Now, to the magic number; as you correctly stated, 6755399441055744 is 2^51 + 2^52; adding such a number forces the double to go into the "sweet range" between 2^52 and 2^53, which, as explained by Wikipedia here, has an interesting property:

Between 2⁵²=4,503,599,627,370,496 and 2⁵³=9,007,199,254,740,992 the representable numbers are exactly the integers

This follows from the fact that the mantissa is 52 bits wide.

The other interesting fact about adding 2⁵¹+2⁵² is that it affects the mantissa only in the two highest bits - which are discarded anyway, since we are taking only its lowest 32 bits.

---

Last but not least: the sign.

IEEE 754 floating point uses a magnitude and sign representation, while integers on "normal" machines use 2's complement arithmetic; how is this handled here?
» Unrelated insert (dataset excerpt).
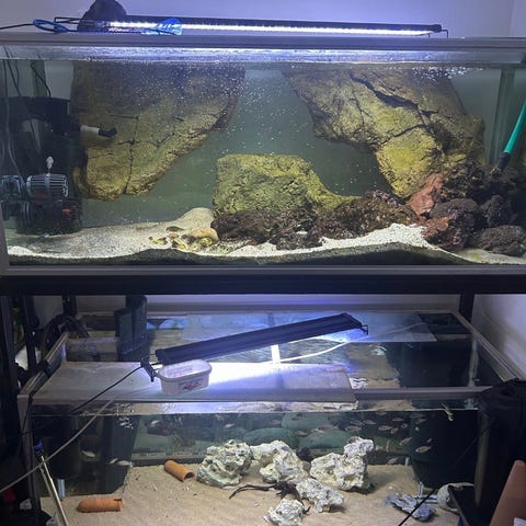 Jag måste tyvärr bli av med min akvarium pga platsbrist. Det ligger på 200l. Ca 1-1.5 år gammalt. Det finns massa invånare och växter som får följa med vid intresse.
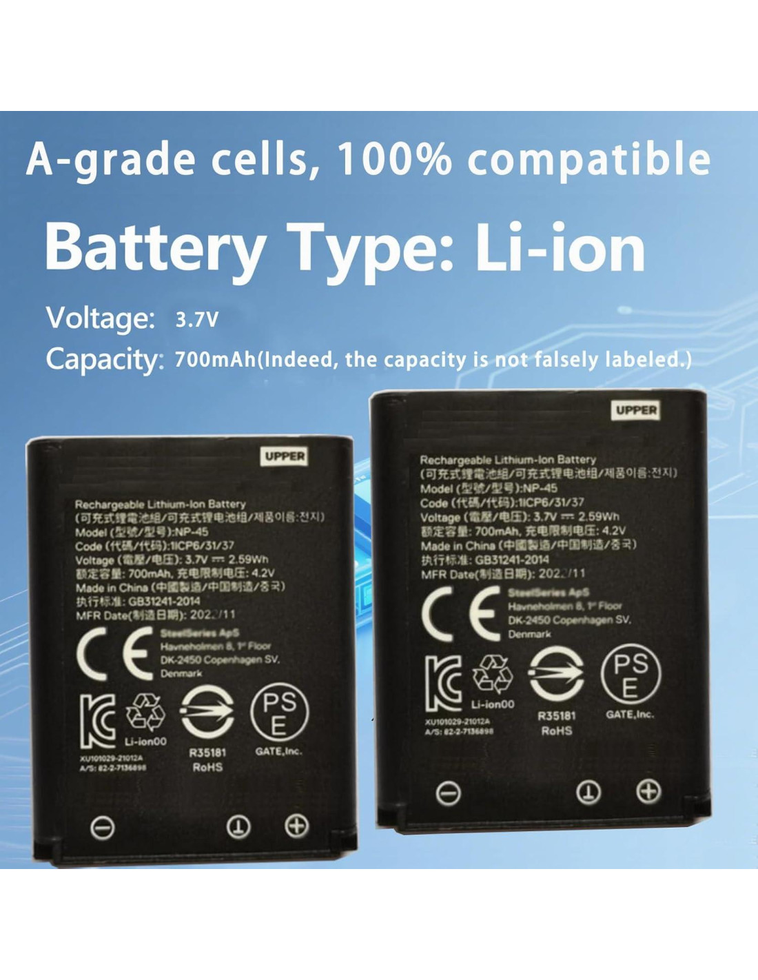 - Este paquete incluye 2 piezas de baterías de reemplazo NP-45/NP-45A/NP-45B/NP-45S, diseñadas exclusivamente para dispositivos específicos: Para auriculares de juego multi-sistema Arctis Nova Pro Wireless (compatible con Xbox, PlayStation) Para cámaras Fujifilm: INSTAX Mini 90, FinePix XP140/130/120/90/80/70/60/30/20, T560/550/510/500/400/360 Por favor, confirme que el modelo de batería original de su dispositivo coincide (no para otros modelos) para asegurar un ajuste perfecto.

We talked only about positive integers; now suppose we are dealing with a negative number in the range representable by a 32-bit int, so less (in absolute value) than (-2^31+1); call it -a. Such a number is obviously made positive by adding the magic number, and the resulting value is 2⁵²+2⁵¹+(-a).
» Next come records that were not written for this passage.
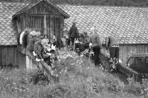 • Bilde, 2013. Slektstur i Sauda. Lunj på låvebroa på Herheim.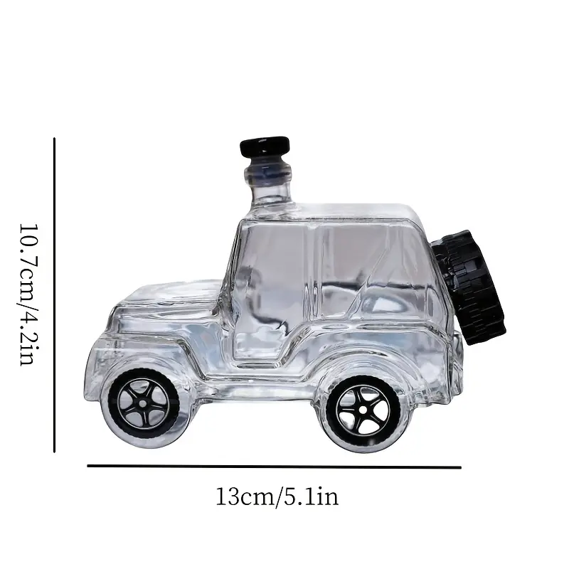 The Car Shaped Glass Whiskey and Wine Decanter introduces a way to showcase and store spirits. Its shaped form and transparency make it suitable for bar arrangements, shelf displays, or gift presentations.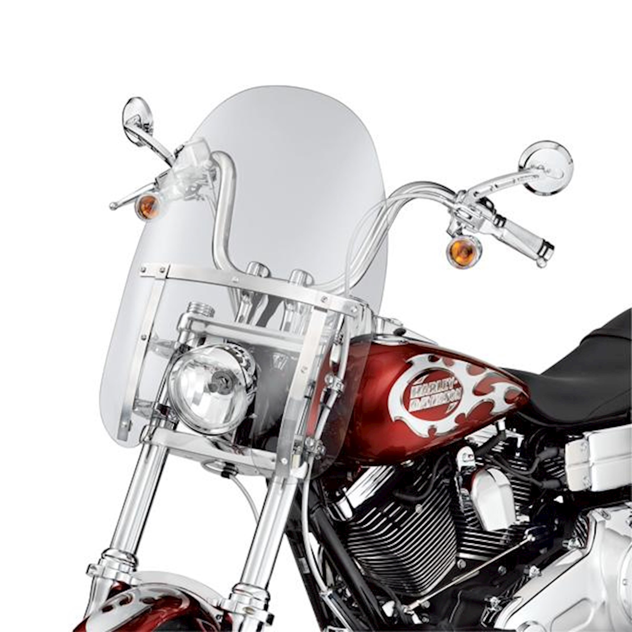 Combine the classic Harley-Davidson® windshield shape with a revolutionary new attachment system and you have the best of style and function. The windshield mounts to the fork tubes with elegant die-cast lever-release clamps, so the windshield does not require any "leave-behind" docking hardware. You get quick on-and-off convenience and a clean, custom look. No tools are required and the kit includes everything needed to install the windshield. The tough, hard-coated polycarbonate windshield is available in your choice of traditional polished or gloss black horizontal and vertical braces. Fits '06-later FXDWG and '13-later FXSB and FXSBSE models.

Now, what do we get if we interpret the mantissa in 2's complement representation? It must be the result of 2's complement sum of (2⁵²+2⁵¹) and (-a). Again, the first term affects only the upper two bits, what remains in the bits 0~50 is the 2's complement representation of (-a) (again, minus the upper two bits).

Since reduction of a 2's complement number to a smaller width is done just by cutting away the extra bits on the left, taking the lower 32 bits gives us correctly (-a) in 32 bit, 2's complement arithmetic.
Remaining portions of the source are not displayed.